Introdução
O trabalho apresenta pesquisa que problematizou a produção da área da educação quando trata do tema da prática pedagógica. Partiu do pressuposto de que toda prática pedagógica é educativa, mas nem toda prática educativa é, necessariamente, pedagógica.
Segundo Franco (2015), a prática pedagógica corresponde à intencionalidade de uma coletividade e atua, pela historicidade, no movimento dialético entre resistências e desistências no confronto entre o que idealizam as intenções e as imposições da totalidade. A autora também aponta as características de organização e reflexividade. Constituí-la é um desafio que exige superar inúmeros intervenientes como a desvalorização econômica e social da profissão docente, a qualidade da formação inicial e continuada de professores, traços conservadores da cultura escolar e o caráter regulatório e tecnicista das políticas educacionais.
Assim, buscou-se refletir sobre o conceito de “prática pedagógica” a partir da contribuição desta autora, problematizando-o e construindo sínteses analíticas capazes de sumariar questões que desafiam o campo de conhecimento, mapear as formas de aproximação estabelecidas nas pesquisas encontradas e contribuir para o estado da arte no campo da pesquisa sobre o tema.
A prática pedagógica nos periódicos Scielo.org
Para conhecer como a prática pedagógica é tematizada no âmbito da produção da área da educação, desenvolveu-se pesquisa utilizando-se de abordagem qualitativa do tipo estado do conhecimento tomando como objeto de análise os artigos que tratam do tema nos periódicos que compõem a base Scielo.org.
O descritor “prática pedagógica” foi localizado nos títulos ou resumos dos artigos publicados em todos os periódicos indexados na base em língua portuguesa ou espanhola até o ano de 2018, totalizando 44 trabalhos.
Os artigos foram mapeados identificando-se autores, anos de publicação, periódicos, nível de ensino, problema, metodologia de pesquisa utilizada, definição de prática pedagógica e possíveis conclusões, sendo os dados organizados numa tabela e depois categorizados.

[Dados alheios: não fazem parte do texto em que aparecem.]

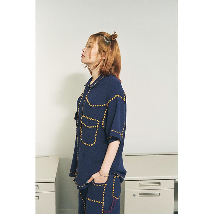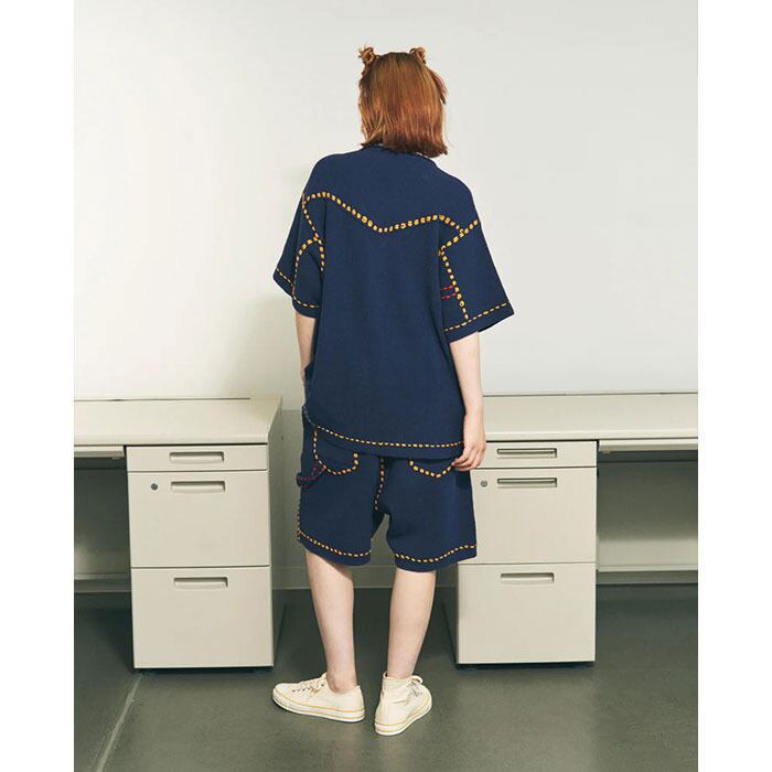 異なるスタイルのステッチワークを施したショーツとセットアップで組み合わせて、夏のユニフォームとしても。

Observou-se que a maior produção sobre o tema datou dos anos de 2014 e 2016 (6 artigos), 2015 (5 artigos) e 2018 (5 artigos). Entre 1995 e 2007 foram publicados apenas 9 trabalhos, com prevalência de 1 artigo ao ano e entre 2008 a 2013, 12 trabalhos com uma média de 3 artigos ao ano. Os números revelam que a evolução das pesquisas sobre o tema foi lenta ainda que crescente, mas a presença ainda é pequena no conjunto da produção da área.
Houve uma pulverização nos veículos de publicação, tendo-se identificado 25 periódicos. As revistas Ciência & Educação e Educação e Pesquisa foram as que mais publicaram, num total de 5 e 4 artigos cada, respectivamente. A educação é a área que mais congrega os periódicos, com 16 das 23 revistas. Nas demais áreas percebeu-se uma prevalência de periódicos da área de saúde.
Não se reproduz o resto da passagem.